Stephanie is also responsible for a current project reliant on Doc’s work, bringing together three artists from different disciplines to create new works inspired by the collection. The project and subsequent exhibition, says Stephanie, “will allow us to explore the role of the folklorist and collector in the present day, and how intangible traditional customs can be ‘preserved’ for future reflection and artistic contemplation.” Photographer Bryony Bainbridge, illustrator and printmaker Natalie Reid, and multimedia artist/historian/anthropologist Anna FC Smith are creating artworks which explore the meaning and content of the archive; their work alongside selected pieces from the collection will go on display in 2018. 

Perhaps the most important thing they may learn in exploring the archive is the significance of Doc’s repeated visits to annual events, and what that documentation can tell us about the evolution of vernacular traditions.

“There was a point,” he says, “where I thought I had to document every second of every minute of every hour of every day.
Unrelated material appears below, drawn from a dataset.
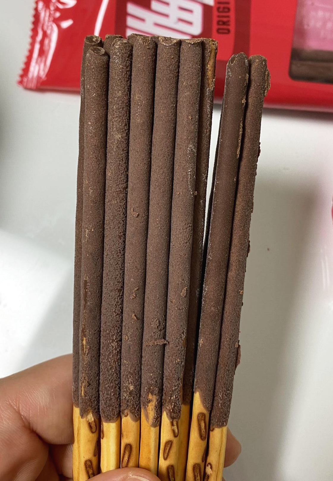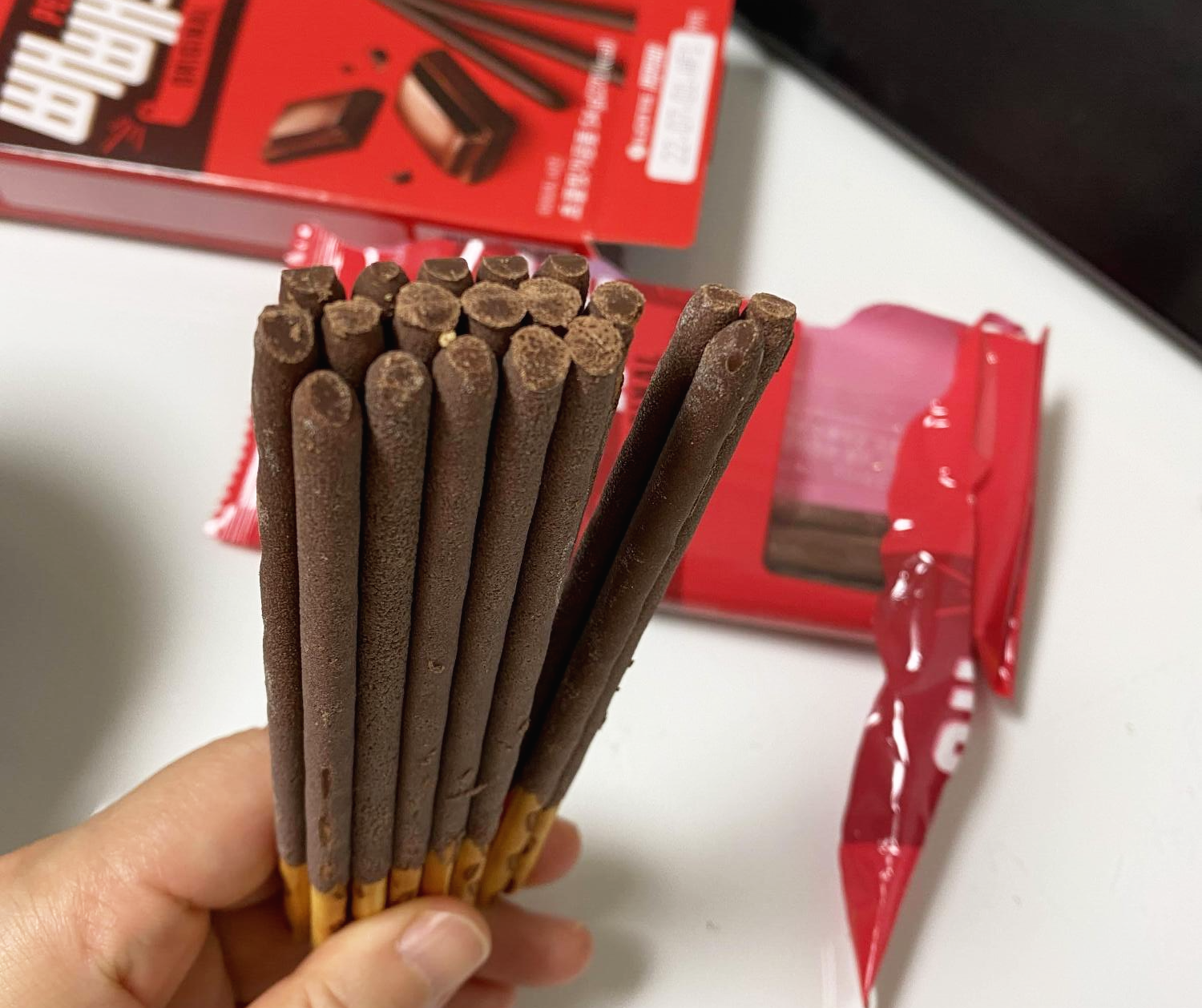 빼빼로의 반질반질해야 할 초콜릿 표면이 약간 하얗게 변해 있고, 광택도 잃었다.

But you suddenly realise that if you’re looking at the changes which are part of the work, then all I need to do is to document the changes. And the changes are the people; people not appearing, or changed teams or sides. It’s a private matter, but I know why it’s happened and it’s to do with relationships. Nothing to do with gods up there or down here, as folklorists would have you believe.”
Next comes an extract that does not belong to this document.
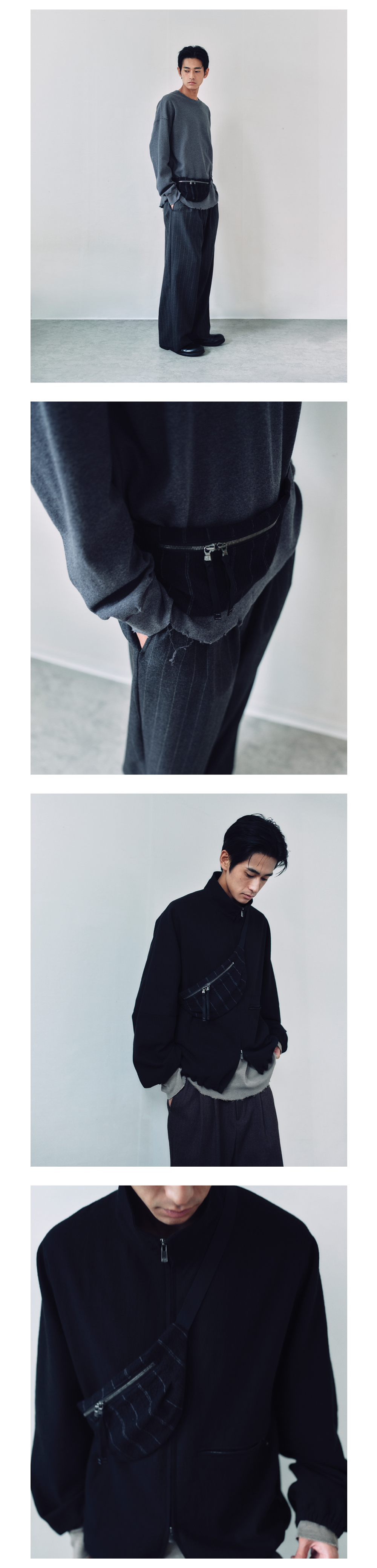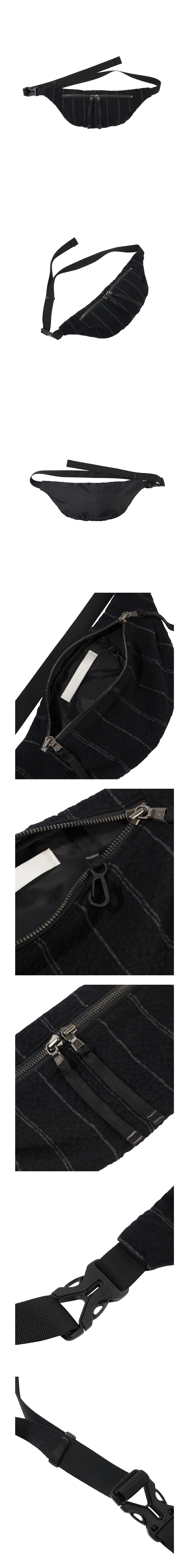 No. AY-BG01 입체적인 볼륨이 자연스럽게 형성된 웨이스트 백입니다. MATSUSEI社의 원단을 앞면에 사용하여 제작되었으며, 소재 특유의 질감과 온기감이 느껴집니다. 표면의 불규칙한 요철감은 ‘Dimple’이라는 이름처럼 미묘한 굴곡과 그림자를 만들어내며, 시간이 지날수록 형태가 부드럽게 변하고 손의 사용에 따라 표정이 달라집니다. 차분한 스트라이프 패턴이 고급스러우면서도 절제된 인상을 주며, 과도한 장식을 배제한 미니멀한 구조 속에서 소재 본연의 깊이를 강조했습니다. 메인 포켓에는 YKK社의 Excella 양방향 지퍼를 적용하여 실용성을 높였고, 벨트 스트랩은 조절이 가능하여 다양한 연출이 가능합니다. MADE IN KOREA Color Black Material Shell 1 : Cotton 73%, Wool 27% (MATSUSEI社 Japanese Fabric) Shell 2 : Nylon 100% Lining : Polyester 100%

It is, arguably, easy enough for a skilled photographer to show up and capture the best of a spectacle, the most weird and wonderful moments. But it takes a deeply personal connection to carefully document three new dancers joining the side that year, or two fewer singers than usual, or a subtle costume or prop change to allow for a new participant. And this marks one of the things that is so valuable about Doc’s collection. When folklorists can often fall into one of two camps – those who are primarily interested in the origins and the history of traditions, and those who are mainly interested in the traditions as they are practiced today – Doc’s work chronicles the changes from one to the other; the evolution and development of a custom, in ways big and small. It is documentary evidence of how and why and when a living tradition evolves. His collection proves the vitality of British cultures and traditions, and can tell us something too about how those traditions reached the 20th Century intact, if not unchanged – and how they will survive into the future.